Population (2012 Census)
- • Total: 15,628
- • Density: 8.1972/km^{2} (21.231/sq mi)
- • Urban: 8,806
- • Rural: 9,897

Sex
- • Men: 9,203
- • Women: 9,500
- Time zone: UTC−4 (CLT)
- • Summer (DST): UTC−3 (CLST)
- Postal code: 5010000
- Area code: 56 + 45
- Website: Municipality of Cunco

= Cunco, Chile =

Cunco is a Chilean commune and city in Cautín Province, Araucanía Region. The town is located 60 km southeast of the city of Temuco and 77 km west of Icalma International Pass.

The major geographical features of this commune are the Allipén River and the Colico Lake.

According to Friar Ernesto Wilhelm de Moesbach Cunco is etymologically derived from the Mapuche language's word for "dark red" (cun) "water" (co) meaning water with volcanic ash or silt.

== History ==
Cunco was founded by Colonel Gregorio Urrutia in 1883 as a frontier fort, between the marshes Cunco and Nahuelcura, and close to a tributary to the Allipén river. The arrival of the railroad at the beginning of the twentieth century accelerated its urban development. It changed legal status to "commune" on 20 August 1918.

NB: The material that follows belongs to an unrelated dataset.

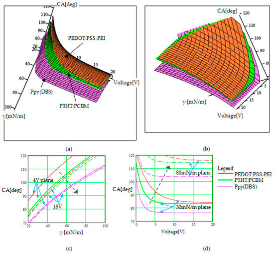 Figure 7 illustrates the contact angle dependence on the surface tension of the fluid, γ, when a voltage in the interval (0–20 V) was applied to change the polymer wettability from hydrophobic to hydrophilic and vice versa. The 3D graph was rotated in two positions (like in Figure 5 and Figure 6 presented above) for visibility, in Figure 7a,b. The cross-sections of the 3D graph are represented for two constant voltage planes (Figure 7c) and for two constant γ planes (Figure 7d). The planes corresponding to the constant voltage migrate in the right-down direction when the voltage increases, and to obtain the same value for the CA, the surface tension of the fluid has to be increased. The planes corresponding to constant γ migrate to the right-up direction when γ increases, and to obtain the same value for the CA, the applied voltage also has to be increased. In each set of curves represented for a constant parameter, the three curves corresponding to the three analyzed polymers can be identified, like in Figure 5 and Figure 6 presented above.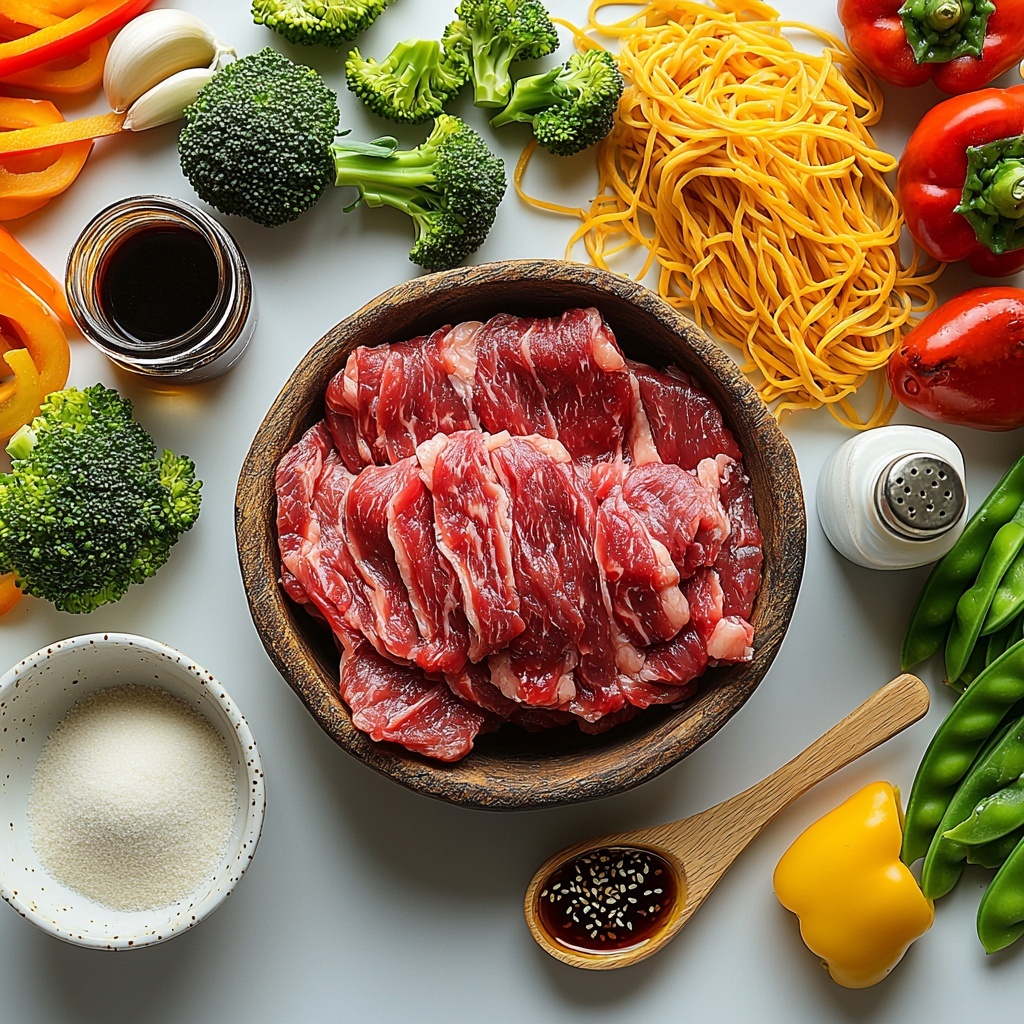 - 1 lb flank steak, thinly sliced against the grain: This cut is lean yet tender when sliced properly and marinated, giving you juicy, flavorful bites.

In 1918 Cunco was the ending point of the first flight by an airplane across the Andes, when Luis Candelaria flew from Zapala, Argentina, on April 13.

==Demographics==

According to the 2002 census of the National Statistics Institute, Cunco spans an area of 1906.5 sqkm and has 18,703 inhabitants (9,203 men and 9,500 women). Of these, 8,806 (47.1%) lived in urban areas and 9,897 (52.9%) in rural areas. The population grew by 2% (364 persons) between the 1992 and 2002 censuses.

==Administration==
As a commune, Cunco is a third-level administrative division of Chile administered by a communal council, headed by an alcalde who is directly elected every four years. The 2008-2012 alcalde is Patricio Mittersteiner Garrido. The communal council has the following members:
- Osvaldo Inostroza Mora
- Danilo Urrutia Cárcamo
- Rene Sepulveda Ceballos
- Patricio Oakley Oviedo
- Cristian Moraga Lagos
- Alfonso Coke Candia

Within the electoral divisions of Chile, Zapallar belongs to the 52nd electoral district and 15th senatorial constituency.